- Captain: Domenico Vicini
- ITF ranking: 119 ▼2
- First year: 1993
- Years played: 19
- Ties played (W–L): 88 (33–55)
- Most total wins: Domenico Vicini (57)
- Most singles wins: Domenico Vicini (44)
- Most doubles wins: Christian Rosti (14)
- Best doubles team: Domenico Vicini & Christian Rosti (6)
- Most ties played: Domenico Vicini (84)
- Most years played: Domenico Vicini (18)

= San Marino Davis Cup team =

National tennis team

The San Marino Davis Cup team represents San Marino in Davis Cup tennis competition and are governed by the San Marino Tennis Federation.

San Marino currently compete in the Group IV of Europe Zone and has never been promoted to the second group.

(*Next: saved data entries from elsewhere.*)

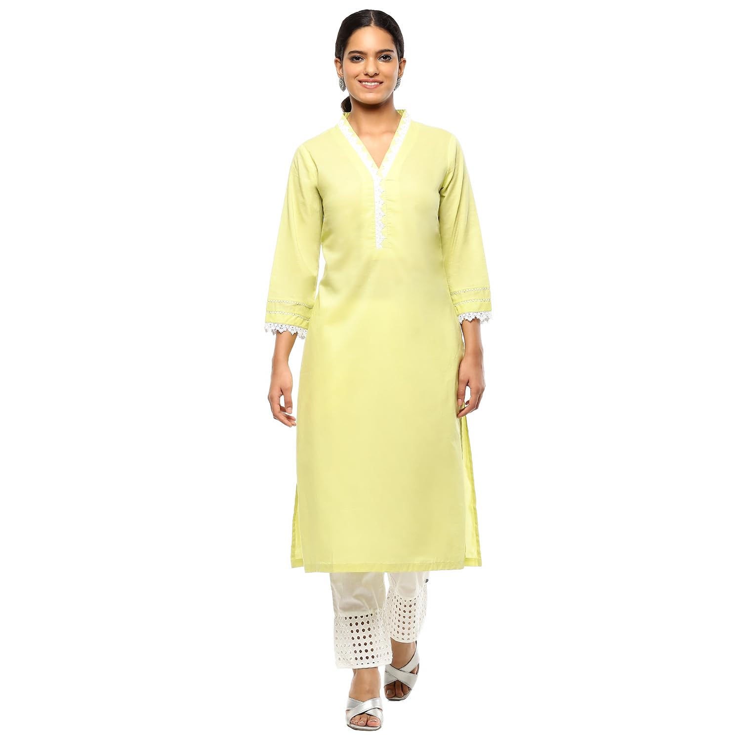 Biba Women’s Yellow Cotton Straight Kurta_46
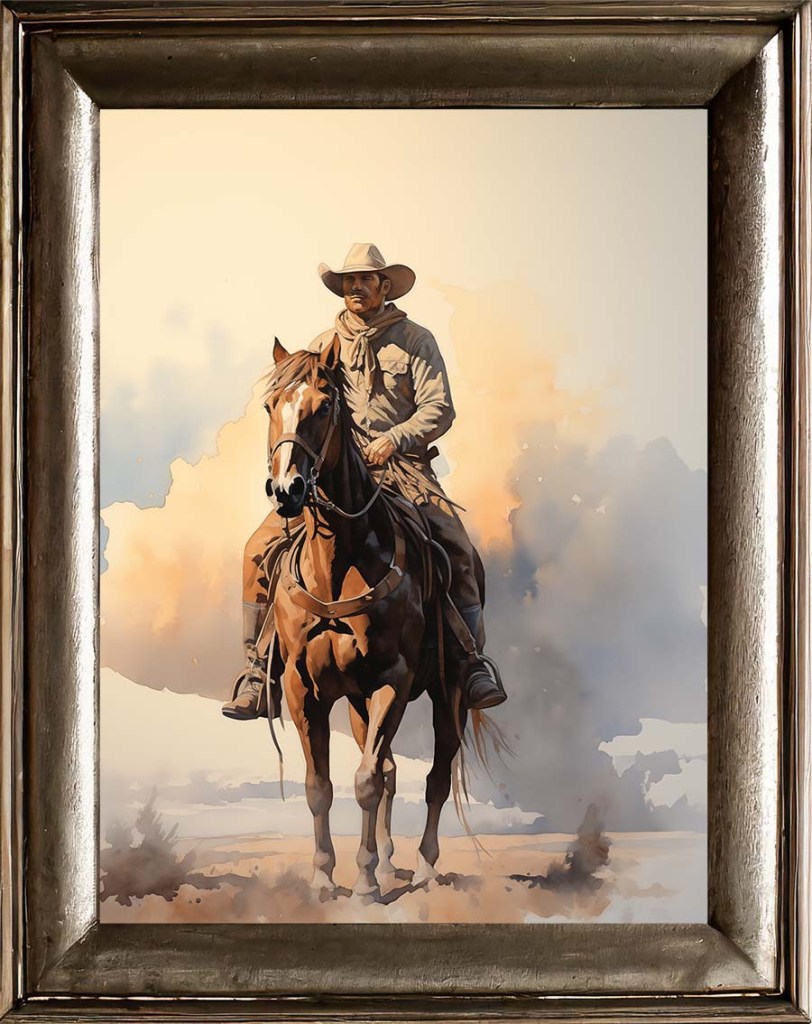 As the sun rises painting the sky with hues of gold, a lone figure commands attention. Full of rugged charm, this image captures the essence of a modern-day cowboy, the dynamic spirit of young men seeking adventure.
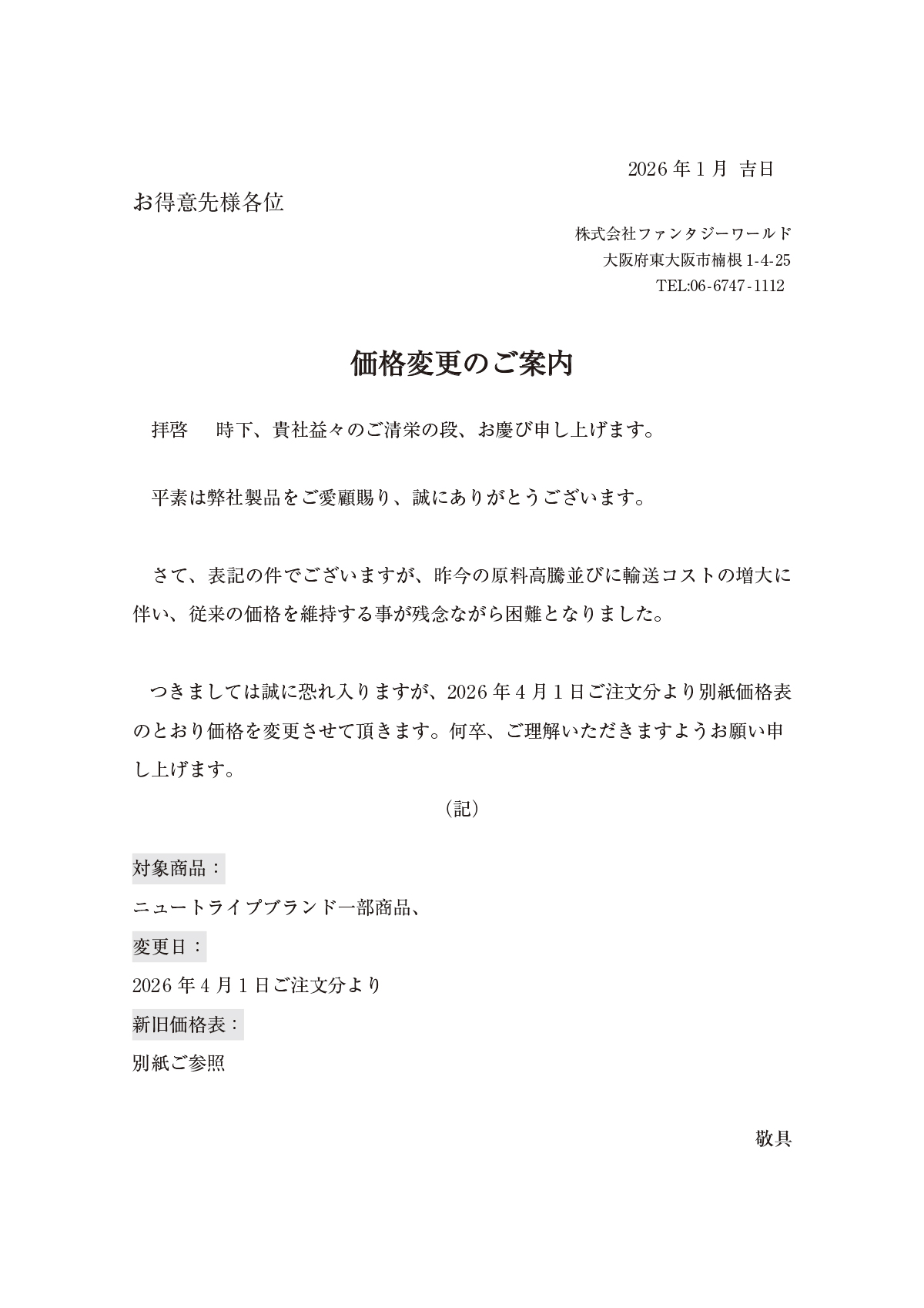 お客様にご愛用いただいております ニュートライプ ドック缶各種 につき、販売元より価格改定のお知らせが届いております。
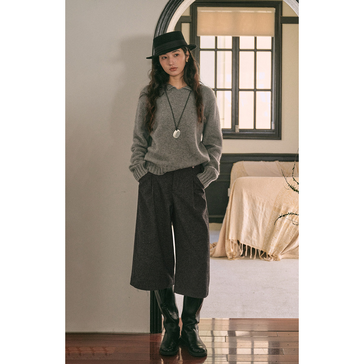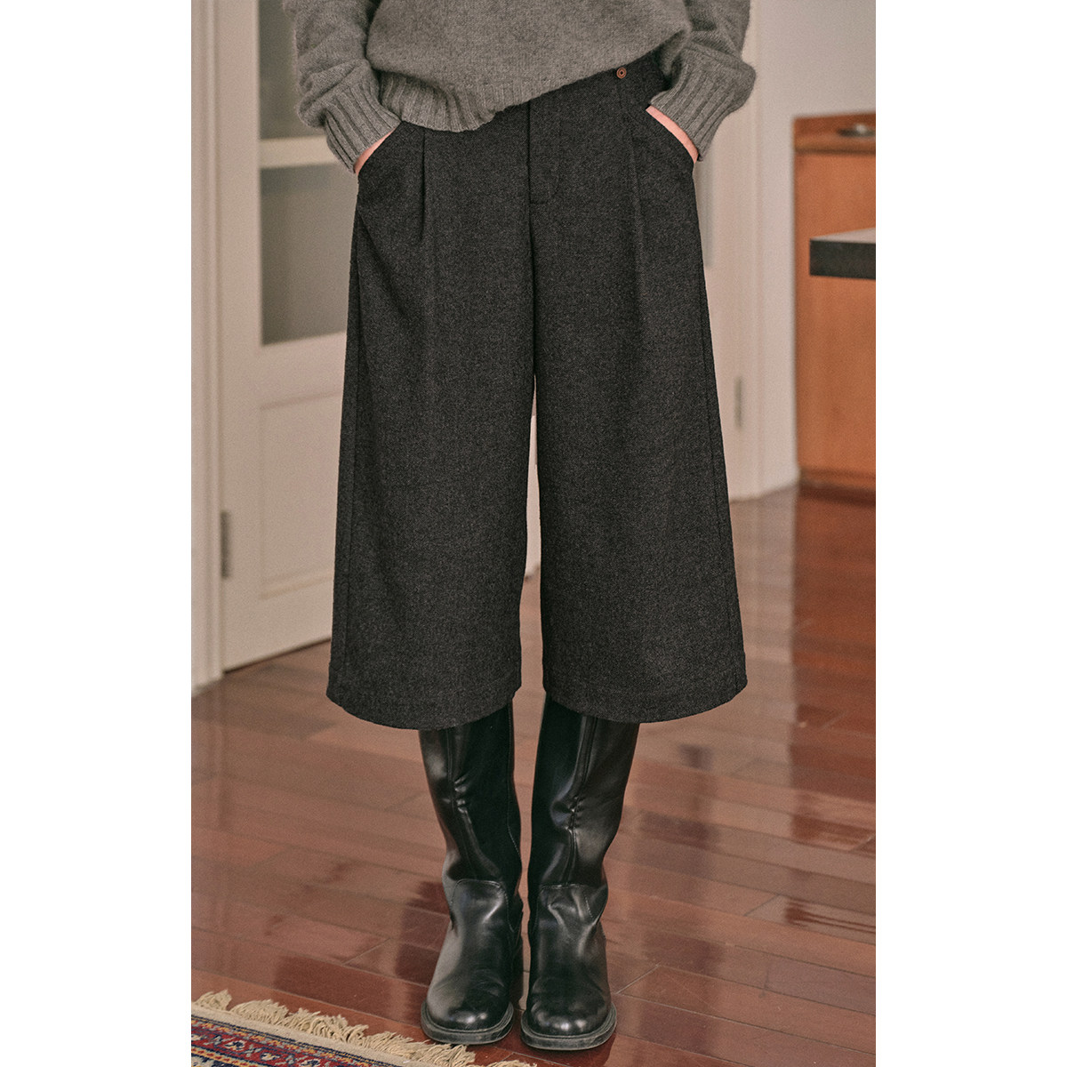 📚 solighter法式复古羊毛混纺阔腿七分裤女冬季2025新款直筒a字中裤

Sammarinese players hold numerous Davis Cup records, most notably: the all-time record for the number of Davis Cup rubbers played, at 141, held by Domenico Vicini; the record for the oldest player to ever play a Davis Cup rubber, at 66 years and 104 days, held by Vittorio Pellandra; and the record for the youngest player to play a Davis Cup rubber, at 13 years and 319 days, held by Marco De Rossi. The latter record cannot be broken under current rules, which only allow players aged 14 years or older to play.

==History==
San Marino competed in its first Davis Cup in 1993.

==Current team (2022)==

- Marco de Rossi
- Stefano Galvani
- Simone de Luigi (Junior player)
- Domenico Vicini (Captain-player)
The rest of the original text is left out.